NetSys International (PTY) LTD
- Type: Proprietary limited company
- Industry: Aviation, Meteorology, Weather
- Founded: 1981
- Headquarters: Pretoria, South Africa
- Website: www.netsys.aero

= NetSys =

South African–based company providing services to airlines

NetSys International (Pty) Ltd. is a South African–based company which delivers telecommunication and meteorological data-processing solutions for the weather and aviation industries.

==History==
NetSys was registered in 1981 as a private company (Company registration no: 1981/02825/07). It was founded for the purpose of developing network communications equipment and automatic message-switching systems. The first customer was the South African Defence Force, which ordered a logistics network comprising around 50 nodes of Proprietary Networking Devices. The experience gained during this deployment was instrumental in entering into the international market.

In 1988, NetSys was awarded a contract with Control Data Corporation to develop a meteorological message-switching system on the back of the NetSys network devices. This contract, as well as subsequent investment in aviation-related products, enabled NetSys to become a major solutions supplier in the Meteorological and Aviation industries.

Since the work done for Control Data Corporation, NetSys has won several tenders from a number of prestigious organizations. The main product was the Weather Forecaster, a message switch tailored for the effective management of weather reports.

In 1996, NetSys entered into the new area of Aviation with the commissioning of an automated Met and AIS pilot briefing system in Sweden, under the system name of Met/AIS. Isak Lombard, an executive director of NetSys, also joined NetSys in 1996 to become part of the Met/AIS team.
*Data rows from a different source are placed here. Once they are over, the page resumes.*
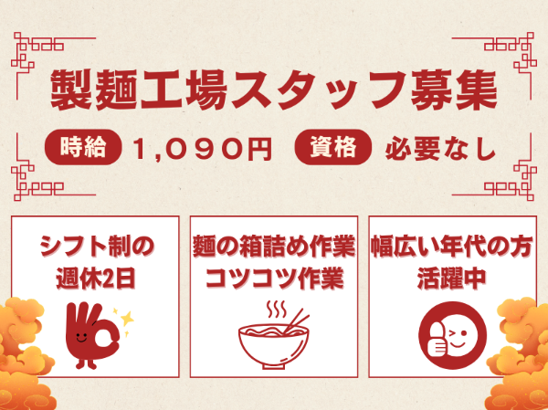 | 職種 | 生麺製造作業スタッフ |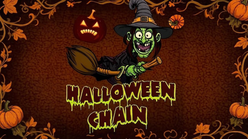 Halloween Chain is a Halloween-themed puzzle game in the style of Zuma. Players take on the role of a witch, shooting colored pumpkin balls at a rolling chain on the track—matching three or more of the same color eliminates them and scores points. The goal is to stop the balls from reaching the skull at the end of the track and clear all balls to advance, with a total of 13 levels.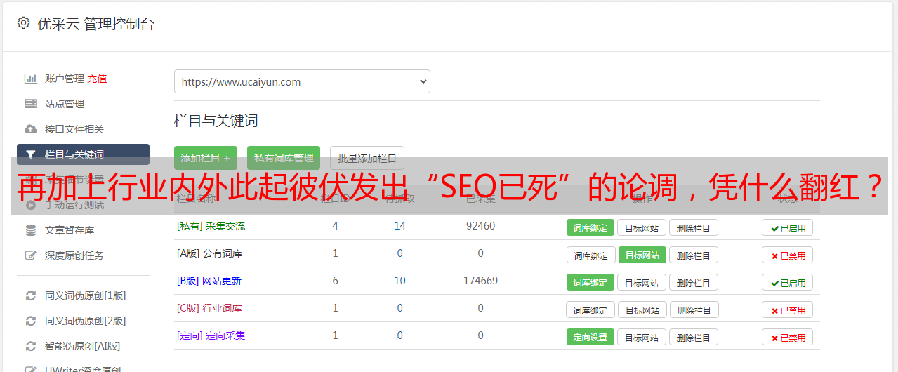 优采云 发布时间: 2021-08-08 19:39再加上行业内外此起彼伏发出“SEO已死”的论调,凭什么翻红?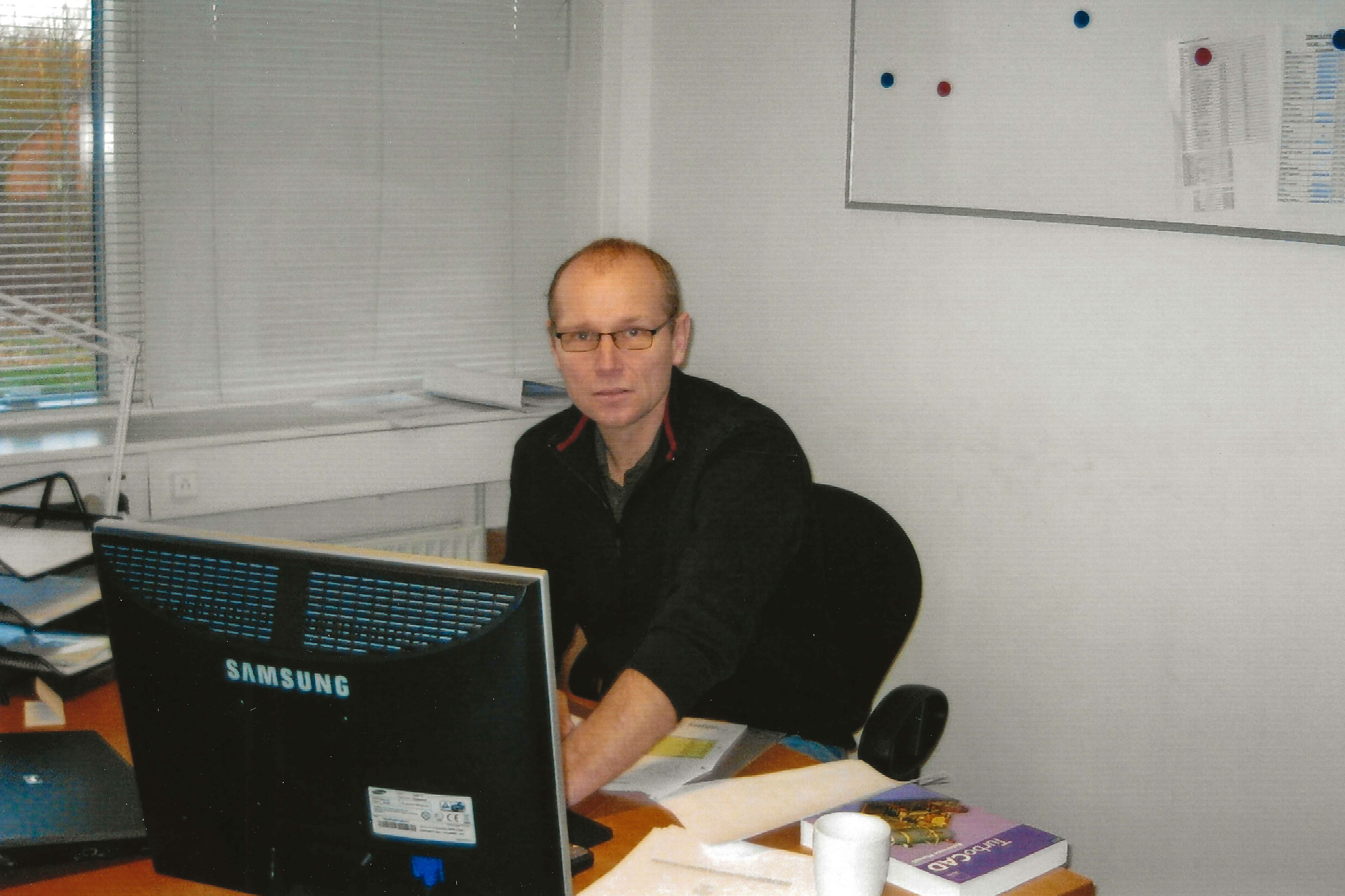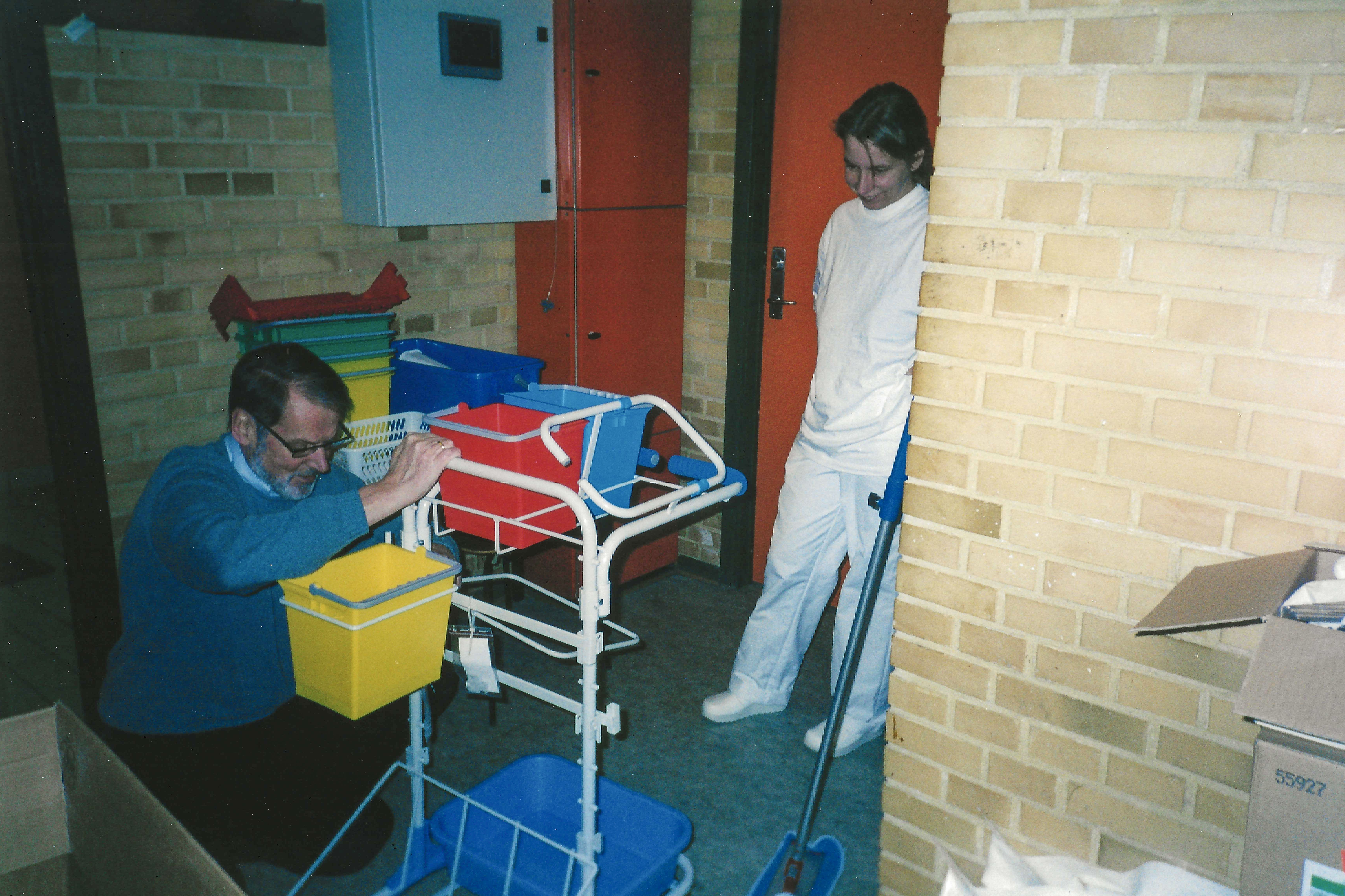 - Vi startede TekniClean i Johns garage i det gule hus i Grejs. Pladsen var trang og reolerne fyldte med kemikalier, rengøringsmidler og klude. Der var ingen fancy kontormøbler eller indbydende mødelokaler. Alt var minimalistisk og beskedent. Men vi elskede det, husker Carsten Pedersen, der i dag er adm. direktør i TekniClean.

The Met/AIS system became Flight-Man, which was subsequently acquired by aviation authorities in many other countries.

NetSys International, in a strategic move to ensure that it remained a leader in its chosen fields, sought ISO Accreditation during 1998, achieving this goal on 29 March 1999 when NetSys received its ISO 9001 Accreditation Certificate from DEKRA – ITS Certification Services (Pty) Ltd.

In another strategic move, NetSys decided in 2001 to supply commercial off-the-shelf (COTS) hardware for its system solutions – Cisco Systems for synchronous connections and Wide Area Network interfaces, 3Com for Local Area Network connections, Digi for asynchronous ports, Hewlett-Packard and Dell for server hardware are given preference when proposing new deals.

In 2003, NetSys decided to consolidate its applications under one umbrella user interface to provide a consistent look-and-feel for a diverse set of applications and different types of users. The solution was based on a client-server architecture where much of the existing proven server software (NSSRV) is re-used but exposed in modern client software (NSWS).

This new solution is called the NetSys Solutions approach, where necessary elements from the server and client software are chosen and utilized to create a best-fit solution for the customer's needs.

NetSys entered a new development direction in 2004 with the creation of its NOTAM management software. This system is currently in operation in Taiwan.

==Origin of the name==
NetSys was founded as Network Systems. The name was changed in 1988 to a shorter form, Netsys International, and finally in 2004 by the managing director of the time, to NetSys International.
In 1993, Netsys UK was registered to act as the NetSys UK representative.

===Meteorological communication centres/Regional telecommunication hubs===
NetSys has a number of users that fall into this category. These users are typically responsible for the ingestion and dissemination of weather data. They provide a service for their clients by selectively distributing data based on routing tables

The routing tables are based on the WMO headers, or it may be AFTN sending groups and addresses. Such a communication center, normally, has a number of data sources and destinations which may support a variety of protocols. The product that is traditionally used is weather forecasters. More recent users use the NSSRV MHS with the modern NSWS Control Center.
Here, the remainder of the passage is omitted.